Schnitzer Sees Narrower Loss for Quarter

Company sees improved business over next several quarters.


Schnitzer Steel Industries reported a loss of $7.8 million for the fiscal first quarter, compared to a loss of $34.4 million for the same time last year. Revenue for the quarter was $394.3 million, a decrease of 17 percent from the same time last year.

"This is our second consecutive quarter of profitability from continuing operations, and it marks an improvement in our results on a year-over-year basis," says Tamara Lundgren, president and CEO of the company. "As we look across our global markets, we are seeing stronger and more broad-based demand than we saw at this time last year. Sequential margins improved in both our Metals Recycling and Auto Parts Businesses, where we continue investing in projects and acquisitions to enhance our competitive advantages."

The company’s metals recycling business generated operating income of $16 million for the quarter, compared with a loss in the prior year.

“We saw significant price volatility throughout the course of the quarter with strengthening prices toward the end of November,” says Lundgren. “Although sales volumes were lower compared  with the fourth quarter, our raw material purchases were at comparable levels, which allowed us to build inventories to meet the expected rebound in sales volumes and prices in the coming quarter.”

Sales volumes in the quarter declined as expected and were slightly lower than last year’s first quarter.
Ferrous scrap prices started rising toward the end of the quarter after a sharp drop in late October and early November. The increase reflected strengthening demand, particularly in the export markets. Nonferrous prices also strengthened during the quarter.
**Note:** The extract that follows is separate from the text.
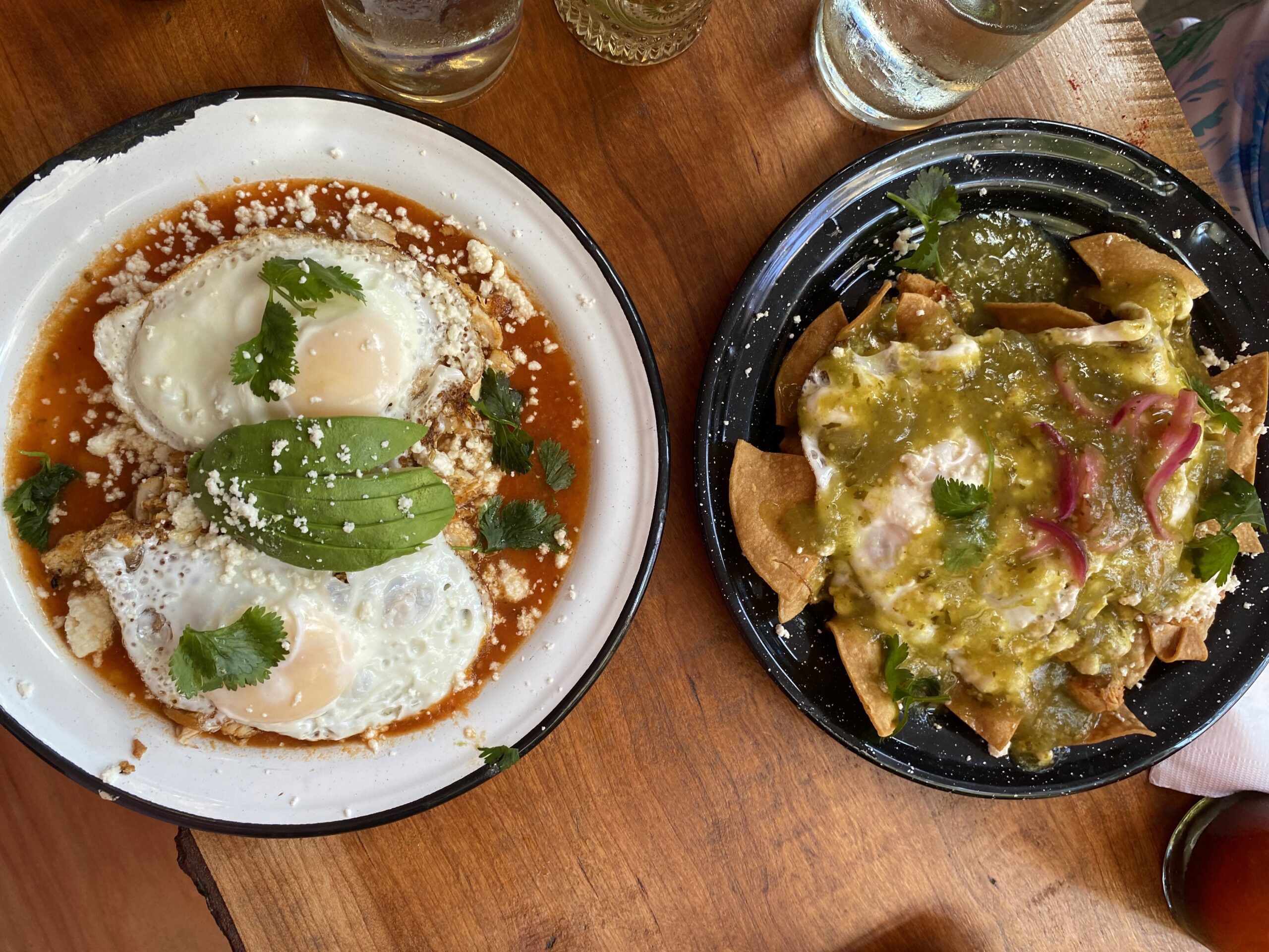 トルティーヤをカリカリに揚げてサルサやソースをかけたもの。目玉焼きも載っています。

Looking forward, the company feels ferrous sales volumes should improve due to improving market activity and higher beginning inventories available for sale. Ferrous sales volumes should increase 40 to 50 percent over the levels in the first quarter, primarily resulting from higher export sales. Nonferrous sales volumes should remain steady with first quarter numbers.

Ferrous scrap prices for shipments have been rising in recent weeks. On average, ferrous net selling prices in the second quarter are expected to rise slightly compared with the first quarter of fiscal 2010. Nonferrous markets also are improving, which is expected to support higher prices for nonferrous metals compared with the first quarter.
The flow of raw materials is expected to be impacted by normal seasonal declines heading into the winter months. As a result, raw material purchase costs are expected to increase. However, the rising sales price environment and increased sales volumes are expected to more than offset the purchase cost increases.

For its auto parts business, Schnitzer noted that the division recorded its fourth consecutive sequential increase in operating income from continuing operations.

In discussion, Lundgren notes that the acquisitions in both the Pacific Northwest and the Dallas-Fort Worth, Tex., area should boost the company’s business and complement the company’s metals recycling business.
Operating margins for the auto parts business increased due to improved parts sales and core and scrap prices, which increased at a greater rate than the cost of scrapped vehicles.

“The Auto Parts Business had a strong quarter, reporting record first quarter operating income. The business benefitted from improvements in commodity prices and parts sales and increases in the purchases of scrapped vehicles from the Cash-for-Clunkers program,” says Lundgren.

The Steel Manufacturing Business continued to be impacted by weak demand for finished steel products in its West Coast markets.

“As expected, first quarter sales volumes declined quarter-over-quarter as customers completed the inventory restocking that we saw in the fourth quarter of fiscal 2009. In addition, the competitive pressures of the weak markets did not permit us to pass through increases in raw material costs in the form of higher prices. This, along with reduced production volumes, resulted in negative operating margins,” sayd Lundgren. “In light of the weak demand, we continue to reduce our operating costs. We believe that, with our reputation for high-quality finished steel products, the mill remains well-positioned to benefit when demand increases from government-funded infrastructure spending and a general pick-up in economic activity.”

The average net sales prices for finished steel declined 40 percent, compared with the same time last year. This drove a 30 percent decline in revenues compared with last year’s first quarter. Prices saw only modest changes from the fourth quarter of fiscal 2009.

Looking toward the second quarter of the year, Schnitzer forecasts that the weak demand experienced through last year should result in a decline in finished steel sales volumes of 20 percent from the volumes in the first quarter of 2010.

As a result of higher costs for raw materials, average net selling prices are expected to rise during the quarter despite continued weak demand for long products in the West Coast markets.

Second quarter margins are expected to improve from the margins achieved in the first quarter due to the impact of higher sales prices and continued cost containment actions, but to remain negative.